Diagnosis of PVR is made via an in-depth patient history, i.e. evidence of longstanding primary RRD or of recent retinal reattachment surgery, and via physical examination, most importantly recognition of retinal detachment with fixed retinal folds.
Classification and Staging
Since publishing its seminal classification system in 1983, the Retinal Society Terminology Committee has updated its classification—most recently in 1991—to reflect a greater understanding of the pathogenesis of proliferative vitreoretinopathy. Additional classification systems, specifically the classification criteria utilized in the Silicone Study, have broadened the initial contributions structured in the seminal Retinal Society report by stratifying via: 1) membrane location, 2) clinical severity, and 3) membrane geometry. The updated classification system, as defined by Machemer and his colleagues in 1991, is presented below in adapted forms:
In practice, the revised system, most notably the use of clock hours as opposed to quadrants, in addition to the segregation of membranes into anterior and posterior, allows for better understanding of the pathology of individual cases and comparison of severity of PVR among different clinical studies of PVR.

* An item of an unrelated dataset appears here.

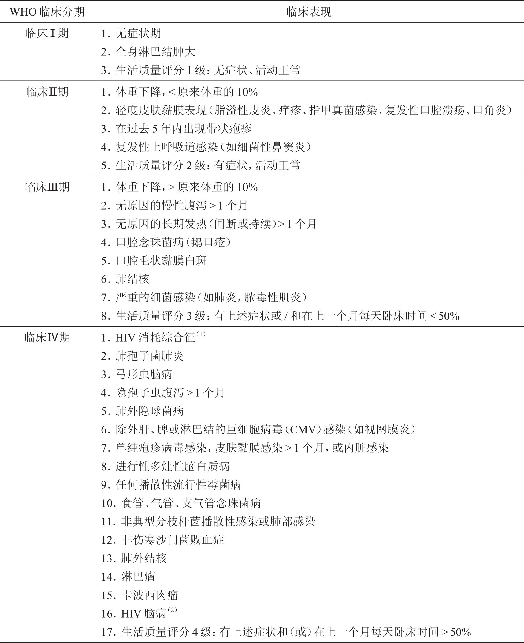 世界卫生组织(World Health Organization,WHO)将成人及青少年HIV感染分4个期,即临床Ⅰ期、临床Ⅱ期、临床Ⅲ期以及临床Ⅳ期,见表1-1。

Example case (Figure 1): Patient presents to the clinic eight weeks post-operatively following retinal detachment repair. Patient complains of flashing lights and loss of vision. On indirect ophthalmic exam, the retina is detached with inferior starfolds and diffuse posterior contraction. Using the revised Retinal Society classification system, this patient’s presentation would be classified as CP12.
Clinical Presentation (History/Physical/Signs/Symptoms/Clinical Diagnosis)
Patients presenting with PVR may be categorized into two groups: 1) those presenting with longstanding PVR arising from primary rhematogenous retinal detachment, and 2) those who have recently undergone surgical repair of RRD. In the case of the former, patients will present with prolonged vision loss often preceded by floaters and/or flashing lights. Patients presenting post-operatively may have initially had vision improvement following surgery, then progressive or rapid onset of vision loss. These patients often present 4-6 weeks post-operatively. The clinical presentation of PVR is defined by fixed folds in the retina on ophthalmic examination, indicative of retinal traction caused by retinal membranes. In the majority of cases, membranes localize to the inferior retina due to gravity. Retinal folds may appear as billows in the retina and often co-present with haze and pigment in the vitreous. In the case of posterior PVR, there may be starfolds with folds radiating from a central area of contracted retina due to epiretinal membranes, more diffuse folds from larger membranes, or subretinal membranes that may look like clotheslines beneath the retina. These folds may even take an annular configuration pulling the retina over the optic disc. Anterior PVR most commonly involves the inferior retina, but in severe cases may extend 360 degrees. Membranes may be circumferential at or posterior to the vitreous base. With contraction at the posterior edge of the vitreous base, the anterior retina may be stretched centrally while the posterior retina is thrown into radial folds extending from the vitreous base posteriorly (Figure 3).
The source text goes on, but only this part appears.